Page 1 of 1

Moving all Duplicate records to second file

Posted: Wed Apr 21, 2010 3:03 am
by manish1005
Hi,

My requirement is to read data from a sequential file and move all records which have duplicates in primary key column to one file while moving others to a second file(order or records does not matter).

Input File(first column is key column)
abc, 123
rtr, 3434
abc, 5454
def, 34353
rtr, 343436
efe, 34343


Output file 1:
abc, 123
rtr, 3434
abc, 5454
rtr, 343436

Output file 2:
def, 34353
efe, 34343
(order or records does not matter).

Please suggest.

Posted: Wed Apr 21, 2010 3:21 am
by Sainath.Srinivasan
Use the same file from two different stages - one going through aggregator to total the keys and into an hash file, which can be used as a lookup to locate duplicates on second stream.

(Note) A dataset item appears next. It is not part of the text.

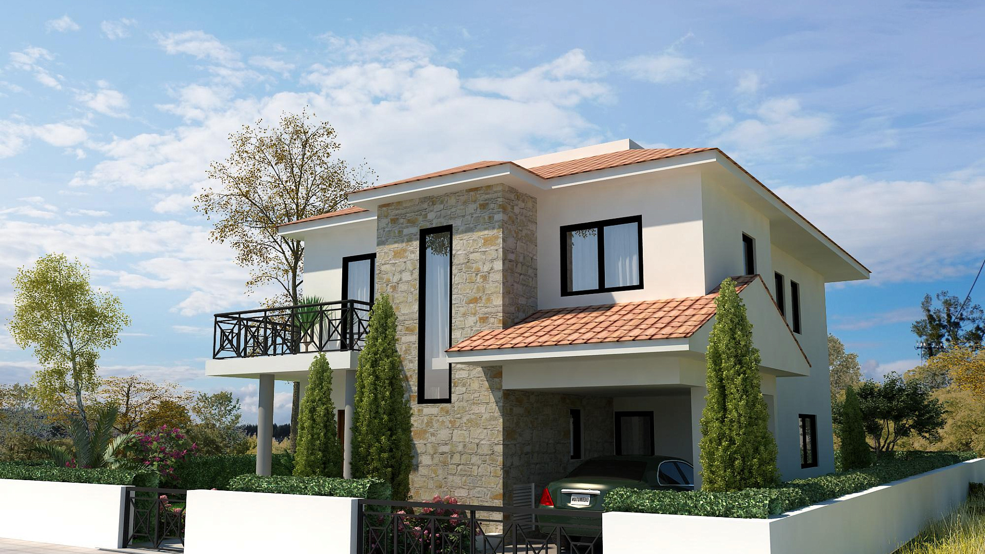 Дом построен из железобетонной конструкции с использованием современных строительных материалов и технологий. В отделке используются качественные керамические покрытия, ламинированный паркет в спальнях, мраморные элементы лестницы и современные интерьерные решения. Окна и раздвижные двери выполнены из алюминия с двойным остеклением, обеспечивающим тепло- и звукоизоляцию. Кухня оснащена современными кухонными шкафами с гранитной рабочей поверхностью, предусмотрены встроенные шкафы, качественная сантехника и солнечная система нагрева воды с резервуаром и системой водоснабжения под давлением. В доме предусмотрена подготовка для установки кондиционирования воздуха и электрического центрального отопления, а также камин с мраморной отделкой.

Posted: Wed Apr 21, 2010 3:29 am
by ArndW
Sort your input file on the key in DataStage, then use 2 transform stages and stage variables to detect duplicates and split the 2 streams.

Sort 1
sort by ascending Key

Transform 1
Stage Variables
svDuplicate : IF In.Key=svLastKey THEN svDuplicate+1 ELSE 0
svLastKey : In.Key
Add column DuplicateNumber derived from svDuplicate to output.

Sort 2
sort by ascending Key
and descending DuplicateNumber

Transform 2
Stage Variables
svUnique : IF In.Key=svLastKey THEN 0 ELSE 1
svLastKey : In.Key
Constraints for Duplicates link : In.DuplicateNumber > 1 OR (In.DuplicateNumber = 1 AND svUnique=0)
Constraints for Singles link : In.DuplicateNumber = 1 AND svUnique=1

Posted: Wed Apr 21, 2010 11:54 pm
by manish1005
Thanks Sainath& ArndW.
I will go try out sort->transform->sort->transform today.


I was wondering if there is any better way available to solve it in parallel edition(my client is planning on purchasing parallel edition)?

Posted: Thu Apr 22, 2010 6:52 am
by chulett
Different, don't know about 'better'. Or you could do the exact same thing there.

Posted: Thu Apr 22, 2010 7:05 am
by Sainath.Srinivasan
In PX, you can use uniq command to extract duplicate (or others) and fork accordingly.